Car ce que le wokisme entend d’abord faire émerger à la conscience collective, c’est l’ensemble des fondements narratifs, imaginaires et culturels d’une société inégalitaire. Comment en puisant ses racines civilisationnelles dans l’antiquité gréco-latine, l’Europe ne se serait jamais complètement débarrassée d’un héritage esclavagiste. Comment en sanctuarisant l’esprit des Lumières, on légitimerait insidieusement la trace misogyne des pensées d’un Voltaire ou d’un Rousseau. Comment en considérant l’universalisme comme un facteur d’émancipation pour tous partout dans le monde, on perpétuerait l’idée d’une hégémonie de l’Occident. Comment en se contentant d’aménager le code civil à la marge (et à la traîne) des évolutions sociétales, on se refuserait à remettre en question l’ordre social inégalitaire, sexiste, paternaliste, bourgeois voulu par Bonaparte. Comment en scandant le calendrier de fêtes religieuses chrétiennes, on laisserait une laïceté inachevée en même temps qu’on entretiendrait une hiérarchie des religions. Comment en multipliant les plaques de rues, les noms de place, l’érection de monuments aux chefs militaires, on se refuserait à questionner les exactions des guerres en même temps qu’on invisibiliserait le rôle d’autres acteurs des conflits, comme au hasard les femmes qui ont travaillé à l’arrière des fronts

 

Annuler l’héritage ou augmenter la connaissance ?
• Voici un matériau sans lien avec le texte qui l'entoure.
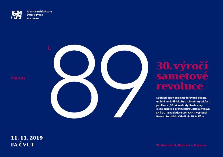 18.00 – 18.45 slavnostní zahájení ve dvoraně Fakulty architektury ČVUT, křest knihy 30 let svobody, udílení medailí FA ČVUT
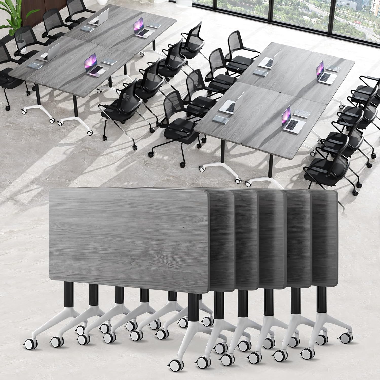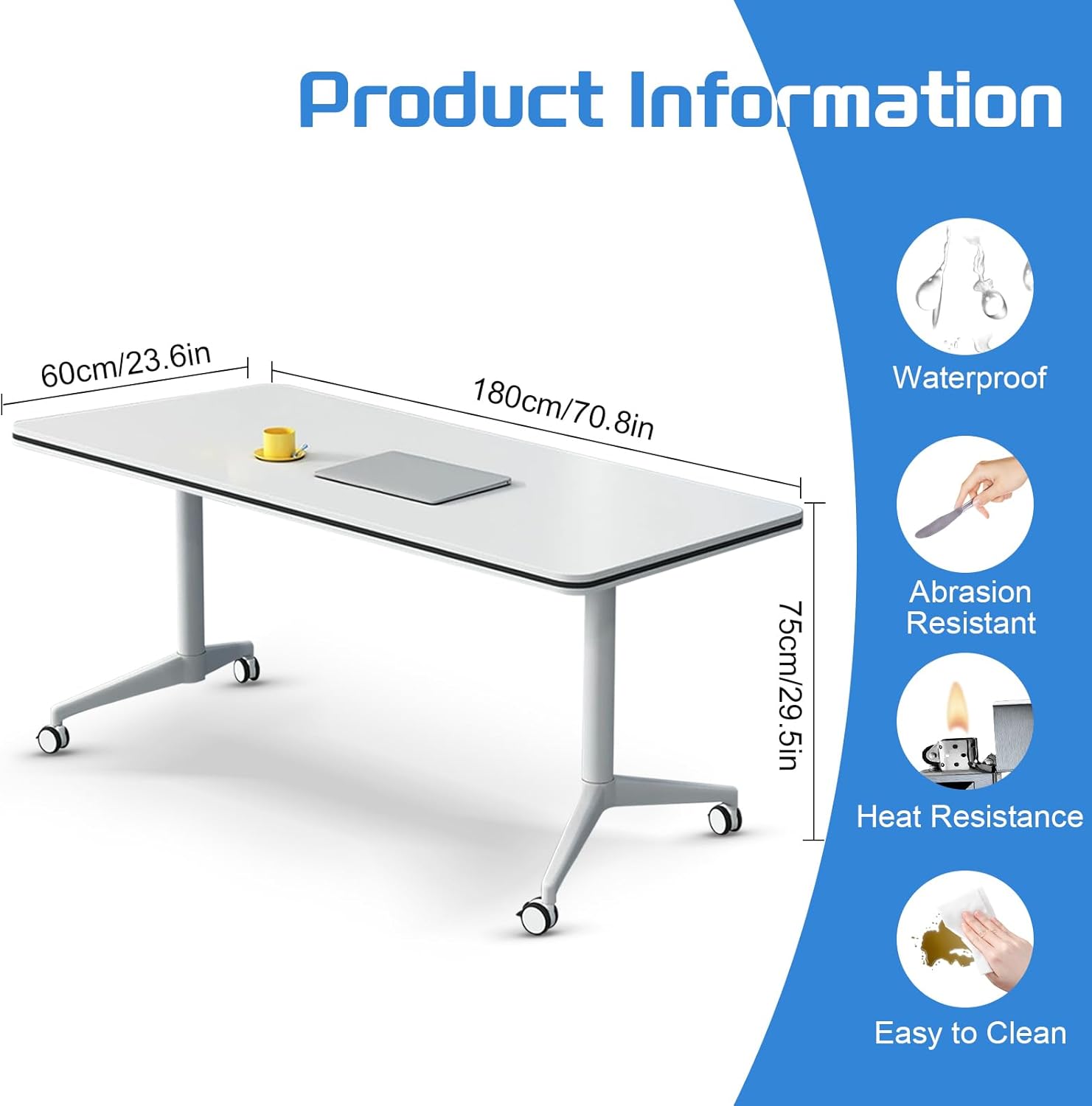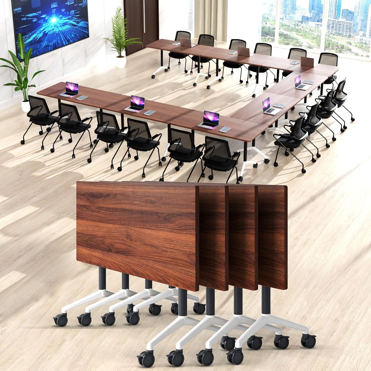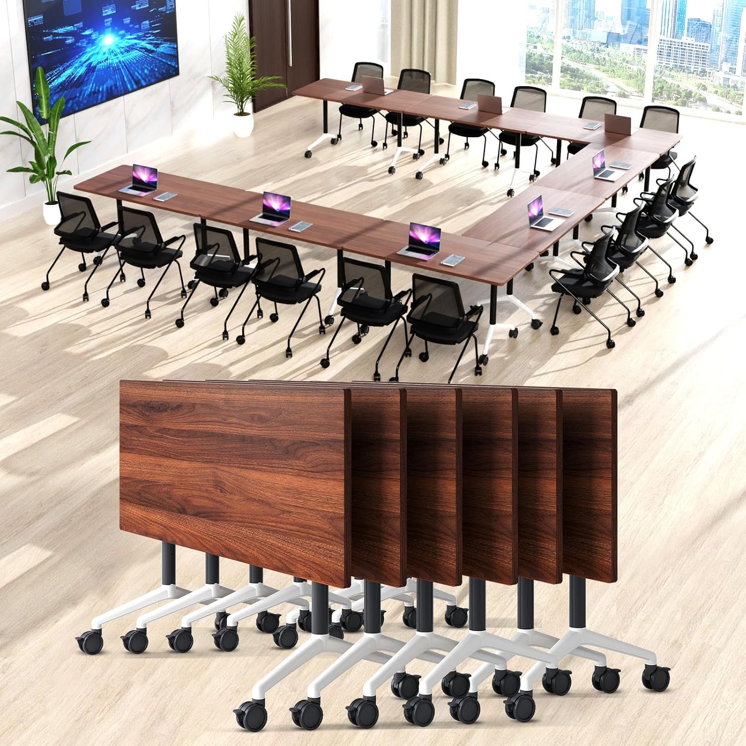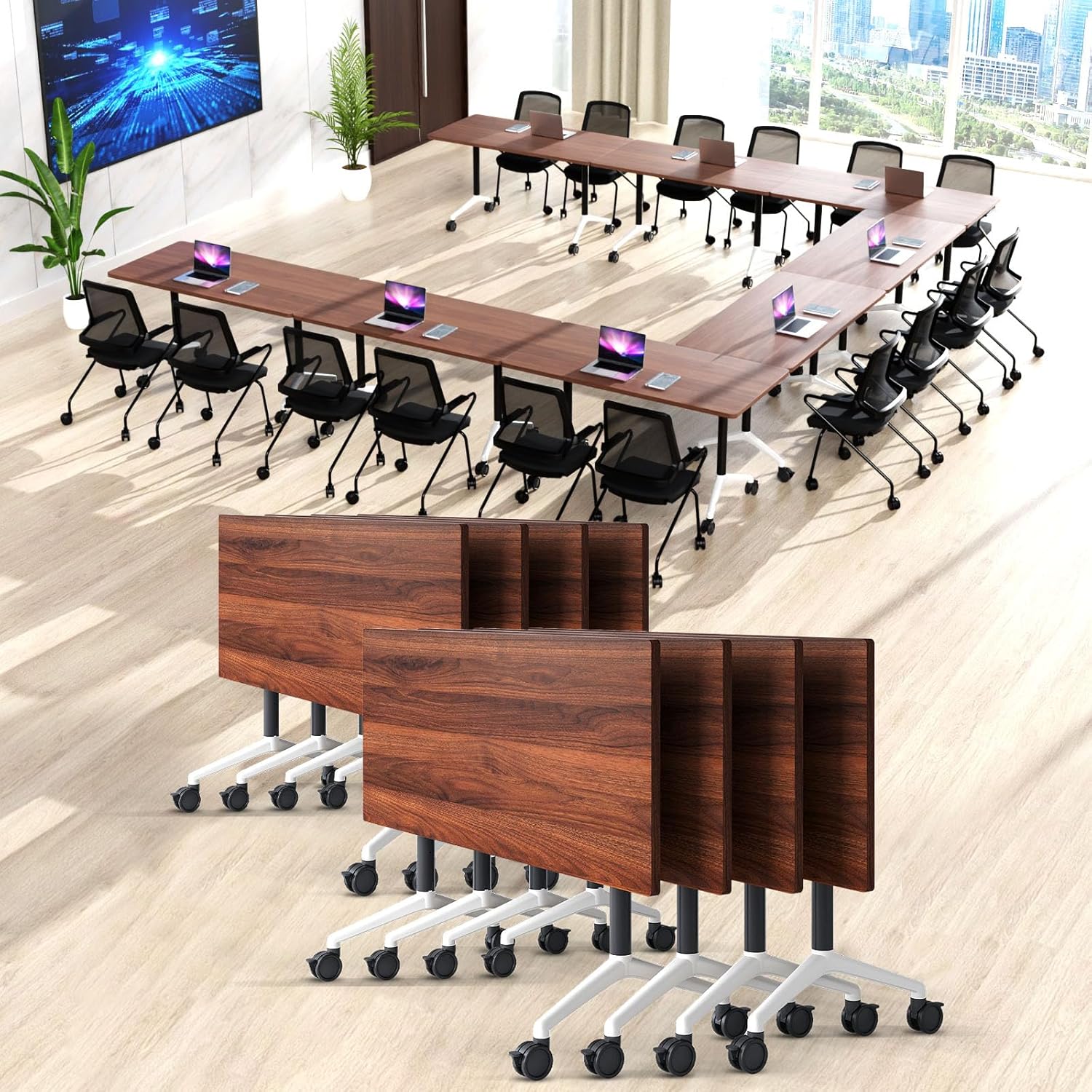 - 【One click folding saves space】The one click folding function of the conference room table can help you effectively solve the trouble of limited space use.When not in use,you can rotate the fold button to fold the conference table.This design not only saves you more space,but is also convenient for mobile and storage.

Finalement, ce qui pose problème aux plus éveillé·e·s des opposant·e·s au wokisme, ce n’est pas tant le fond de l’affaire que ses applications. Quand on évoque la fin des modules obligatoires de grec et latin dans le cursus de lettres classiques d’une université américaine, quand on remplace la statue de Christophe Colomb par celle d’une indigène amérindienne au Mexique, quand on renonce à éditer un livre, quand on en détruit le tirage ou quand on en modifie le titre pour ne pas heurter des sensibilités, quand on annule un spectacle au motif que son créateur a eu des propos sexistes et transphobes, quand on empêche une traductrice blanche de s’emparer des textes d’un auteur noir, on peut se désoler qu’une occasion d’ouvrir un débat utile sur la complexité des sujets se soit échouée sur des décisions vécues comme des annulations, des réécritures de l’histoire, des privations de connaissance, des retours de censure… De quoi braquer celles et ceux, attaché·e·s aux repères et craignant le changement, pour qui « déconstruire » et « remplacer » sonnent comme « détruire » et « prendre la place ».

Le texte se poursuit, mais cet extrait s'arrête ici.